On June 10th 2024 Apache Iceberg tables became generally available on Snowflake. This blog will focus on creating Iceberg tables on Snowflake and illustrate how this is integrated with dbt.

What are Iceberg Tables?

Iceberg tables utilize the Apache Iceberg open table format, which acts as an abstraction layer over data files stored in open formats such as Parquet, ORC, and Avro. Like Delta Lake, Apache Iceberg brings transactional consistency and structured table management to unstructured data lakes, effectively turning them into high-performance data lakehouses. Users can interact with Iceberg tables using SQL, much like in a relational database, while actually working directly with underlying data files.

A core component of Iceberg is the catalog, which maintains metadata about tables, including schemas, snapshots, and partition layouts. Serving as a centralized source of truth, the catalog enables efficient query optimization and incremental updates. Snowflake supports querying Iceberg tables through either external catalogs or a Snowflake-managed catalog, allowing users to analyze externally stored data while taking advantage of Snowflake’s compute engine.

Analysing the usage of Iceberg tables

Snowflake traditionally functions as a data warehouse—a fully managed platform optimized for structured data and analytics. However, with the rise of data lakehouses, which offer greater flexibility for handling both structured and unstructured data, Snowflake has embraced Apache Iceberg to meet this demand. By supporting Iceberg tables, Snowflake enables users to store data outside its internal storage, allowing them to keep data in their own cloud accounts while seamlessly querying and processing it within Snowflake.

Benefits

Flexibility

Iceberg tables allow you to use external storage systems, reducing dependency on Snowflake’s internal storage and avoiding vendor lock-in.

Scalability

Designed for massive datasets, Iceberg optimizes queries with advanced partitioning, metadata pruning, and snapshot isolation.

Interoperability

Iceberg is compatible with various data processing engines, such as Spark and Hive, fostering a multi-tool ecosystem.
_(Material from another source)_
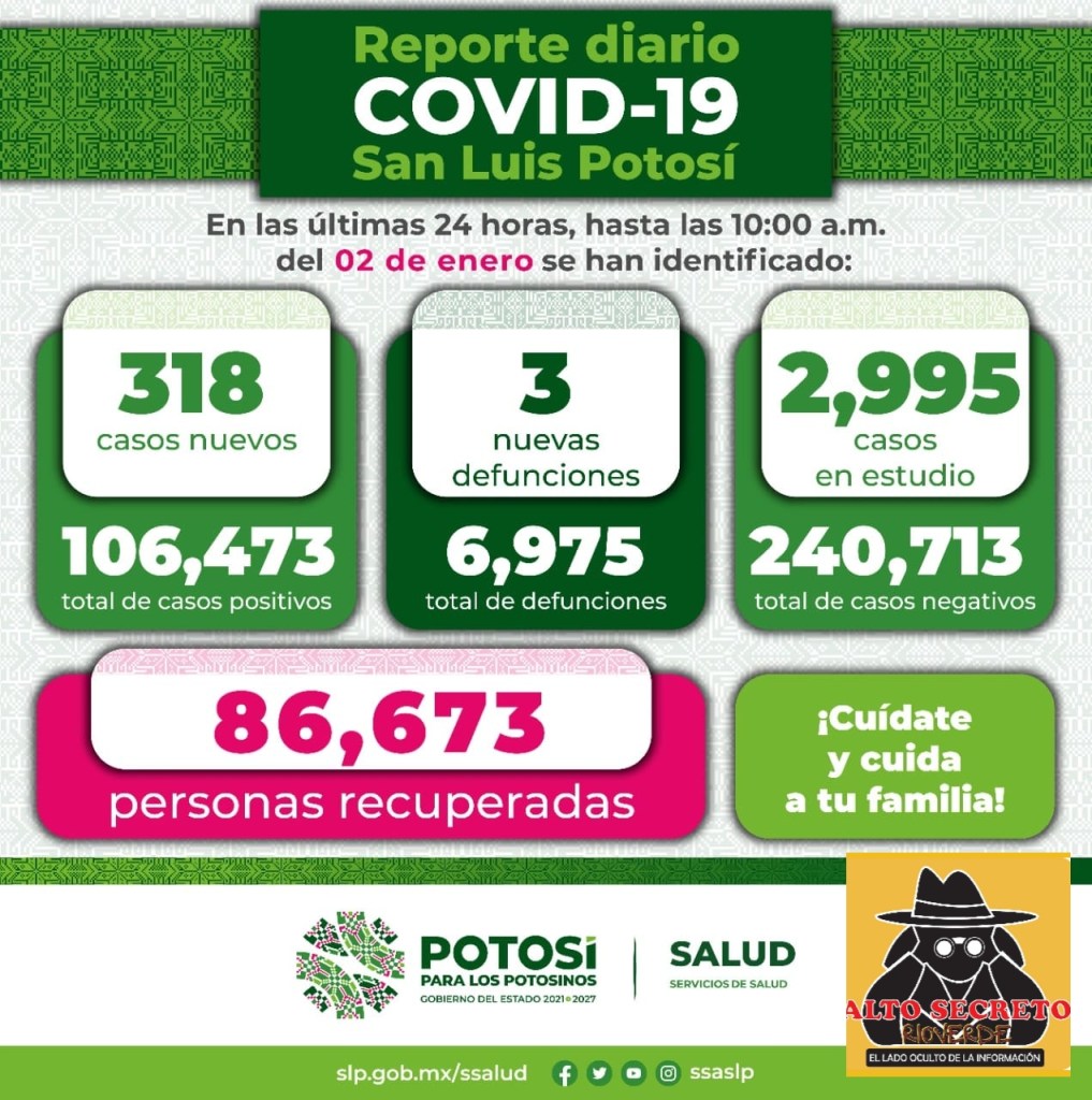 Los Servicios de Salud y el Comité Estatal para la Seguridad en Salud, informan que, hasta este domingo 2 de enero se registran 105 mil 473 casos totales de Covid-19, con la confirmación de 318 nuevos contagios de acuerdo al reporte epidemiológico de las últimas 24 horas.

Time Travel and Versioning

It enables access to historical data, supporting use cases like auditing, debugging, and recovering previous table states.

Trade offs

Operational complexity

The management of external storage configurations, the assurance of data protection, and the establishment of recovery processes are the exclusive responsibility of the user.

Performance dependancy

Query performance can vary depending on the external storage system and catalog setup, requiring careful optimization.

How does it work?

Creating an Iceberg table requires adding a few extra parameters to the standard CREATE statement. These include specifying an external volume, a catalog, and a base location.

External volumes

First, we need to ensure that an external location is available for storing our data. This involves establishing a connection between Snowflake and the external storage. In Snowflake, this is achieved using an external volume, an account-level object that securely stores authentication details for accessing external storage. In this example, we will use an Amazon S3 bucket as the storage location.

				
					CREATE
OR REPLACE EXTERNAL VOLUME iceberg_volume STORAGE_LOCATIONS = (
    (
        NAME = 'my-s3-eu-west-1'
        STORAGE_PROVIDER = 'S3'
        STORAGE_BASE_URL = 's3://snowflakedatalakedemo/' 
        STORAGE_AWS_ROLE_ARN = 'arn:aws:iam::000000000000:role/iceberg_role'
    )
);
				
			

Now that we have an external volume, we are getting closer to creating our iceberg table. Snowflake also expects us to provide a catalog and a base location.

Catalog

For our catalog, we will use Snowflake’s default catalog, which enables the compute engine to interact with and manage Iceberg tables. It does this through metadata pointers that track the location of table metadata. Users can choose between an external catalog or the Snowflake catalog, depending on their needs.

Base location

The base location defines where data will be stored within the external volume. For this demonstration, we’ll use iceberg_demo as the base location. Snowflake will treat this as the path within the external volume, creating two subdirectories: data for storing table data and metadata for tracking table changes. While a common practice is to name the base location after the table being created, this example will show that it’s not strictly required.

Creating the table

With the required parameters in place, we can now construct the command to create an Iceberg table. We begin with a standard CREATE TABLE statement. In this example, the table includes five columns: id, name, age, join_date, and department.

				
					CREATE OR REPLACE TABLE employees (id int, name text, age int, join_date date, department text)
  AS SELECT * FROM demo_source;
				
			

Now, let’s create the same table in Iceberg format using the external volume we set up earlier, the default Snowflake catalog, and the base location iceberg_demo. The table structure remains the same, and we will populate it with a few dummy records for demonstration purposes.

				
					CREATE OR REPLACE ICEBERG TABLE employees (id int, name text, age int, join_date date, department text)
  EXTERNAL_VOLUME = 'iceberg_volume'
  CATALOG = 'SNOWFLAKE'
  BASE_LOCATION = 'iceberg_demo'
  AS SELECT * FROM demo_source;
				
			

The result of this CREATE statement is a table in Snowflake called employees, and a folder called iceberg_demo in our external storage account containing data and metadata files.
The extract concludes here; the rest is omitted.